** Raw data follows **
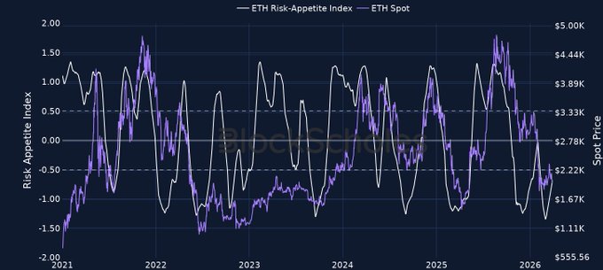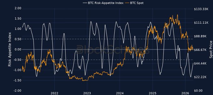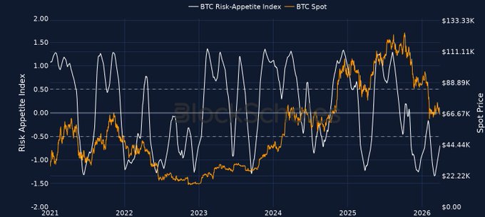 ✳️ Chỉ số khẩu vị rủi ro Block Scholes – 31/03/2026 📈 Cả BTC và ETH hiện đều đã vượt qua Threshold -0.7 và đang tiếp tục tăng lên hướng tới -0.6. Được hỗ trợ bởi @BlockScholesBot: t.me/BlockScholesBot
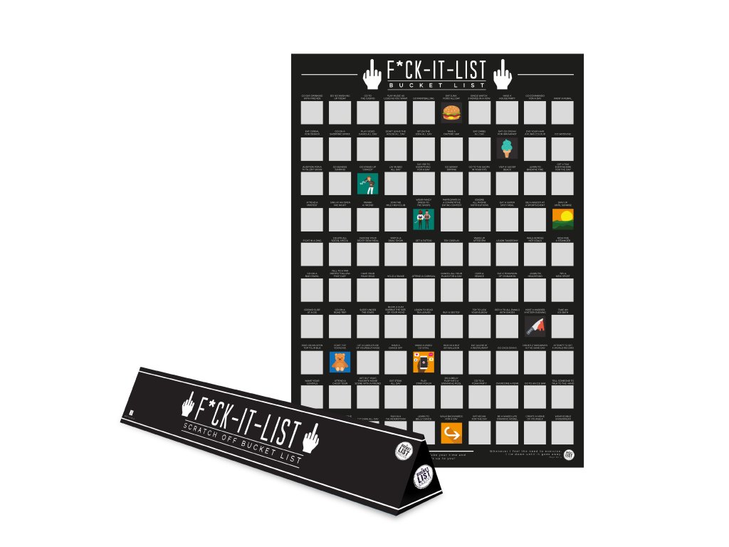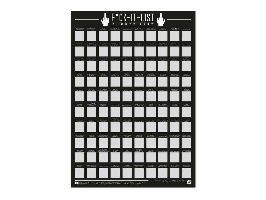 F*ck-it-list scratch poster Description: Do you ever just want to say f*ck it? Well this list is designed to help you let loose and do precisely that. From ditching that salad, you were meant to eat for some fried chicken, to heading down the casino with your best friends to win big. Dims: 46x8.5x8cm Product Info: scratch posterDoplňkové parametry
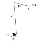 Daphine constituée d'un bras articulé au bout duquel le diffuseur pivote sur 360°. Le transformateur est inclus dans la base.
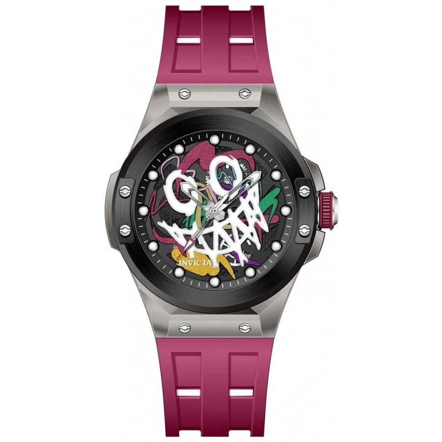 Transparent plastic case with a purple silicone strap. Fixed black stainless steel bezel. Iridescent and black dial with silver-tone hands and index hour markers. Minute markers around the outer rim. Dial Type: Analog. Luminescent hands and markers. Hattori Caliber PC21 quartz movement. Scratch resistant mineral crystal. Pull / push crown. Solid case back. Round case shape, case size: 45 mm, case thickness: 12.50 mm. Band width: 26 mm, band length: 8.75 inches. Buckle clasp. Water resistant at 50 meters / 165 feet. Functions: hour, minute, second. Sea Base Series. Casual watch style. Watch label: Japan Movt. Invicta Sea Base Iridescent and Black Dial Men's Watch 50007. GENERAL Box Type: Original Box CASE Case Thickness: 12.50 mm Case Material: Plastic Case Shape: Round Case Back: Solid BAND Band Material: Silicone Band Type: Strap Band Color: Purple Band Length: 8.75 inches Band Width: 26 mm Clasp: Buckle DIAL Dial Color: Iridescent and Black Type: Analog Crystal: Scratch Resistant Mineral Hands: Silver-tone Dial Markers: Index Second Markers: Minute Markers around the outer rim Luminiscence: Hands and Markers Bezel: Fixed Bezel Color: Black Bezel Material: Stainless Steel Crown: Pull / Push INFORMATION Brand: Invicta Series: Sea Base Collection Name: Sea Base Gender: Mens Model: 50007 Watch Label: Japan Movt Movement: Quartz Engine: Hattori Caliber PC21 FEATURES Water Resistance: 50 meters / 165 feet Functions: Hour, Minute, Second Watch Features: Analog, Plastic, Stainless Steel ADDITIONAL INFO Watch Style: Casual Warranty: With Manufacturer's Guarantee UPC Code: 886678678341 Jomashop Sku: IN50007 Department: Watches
** End of Raw data **
• Exercise objective: Copy every line of the listing above exactly. Leave each picture out.

• Written solution:
 ✳️ Chỉ số khẩu vị rủi ro Block Scholes – 31/03/2026 📈 Cả BTC và ETH hiện đều đã vượt qua Threshold -0.7 và đang tiếp tục tăng lên hướng tới -0.6. Được hỗ trợ bởi @BlockScholesBot: t.me/BlockScholesBot
 F*ck-it-list scratch poster Description: Do you ever just want to say f*ck it? Well this list is designed to help you let loose and do precisely that. From ditching that salad, you were meant to eat for some fried chicken, to heading down the casino with your best friends to win big. Dims: 46x8.5x8cm Product Info: scratch posterDoplňkové parametry
 Daphine constituée d'un bras articulé au bout duquel le diffuseur pivote sur 360°. Le transformateur est inclus dans la base.
 Transparent plastic case with a purple silicone strap. Fixed black stainless steel bezel. Iridescent and black dial with silver-tone hands and index hour markers. Minute markers around the outer rim. Dial Type: Analog. Luminescent hands and markers. Hattori Caliber PC21 quartz movement. Scratch resistant mineral crystal. Pull / push crown. Solid case back. Round case shape, case size: 45 mm, case thickness: 12.50 mm. Band width: 26 mm, band length: 8.75 inches. Buckle clasp. Water resistant at 50 meters / 165 feet. Functions: hour, minute, second. Sea Base Series. Casual watch style. Watch label: Japan Movt. Invicta Sea Base Iridescent and Black Dial Men's Watch 50007. GENERAL Box Type: Original Box CASE Case Thickness: 12.50 mm Case Material: Plastic Case Shape: Round Case Back: Solid BAND Band Material: Silicone Band Type: Strap Band Color: Purple Band Length: 8.75 inches Band Width: 26 mm Clasp: Buckle DIAL Dial Color: Iridescent and Black Type: Analog Crystal: Scratch Resistant Mineral Hands: Silver-tone Dial Markers: Index Second Markers: Minute Markers around the outer rim Luminiscence: Hands and Markers Bezel: Fixed Bezel Color: Black Bezel Material: Stainless Steel Crown: Pull / Push INFORMATION Brand: Invicta Series: Sea Base Collection Name: Sea Base Gender: Mens Model: 50007 Watch Label: Japan Movt Movement: Quartz Engine: Hattori Caliber PC21 FEATURES Water Resistance: 50 meters / 165 feet Functions: Hour, Minute, Second Watch Features: Analog, Plastic, Stainless Steel ADDITIONAL INFO Watch Style: Casual Warranty: With Manufacturer's Guarantee UPC Code: 886678678341 Jomashop Sku: IN50007 Department: Watches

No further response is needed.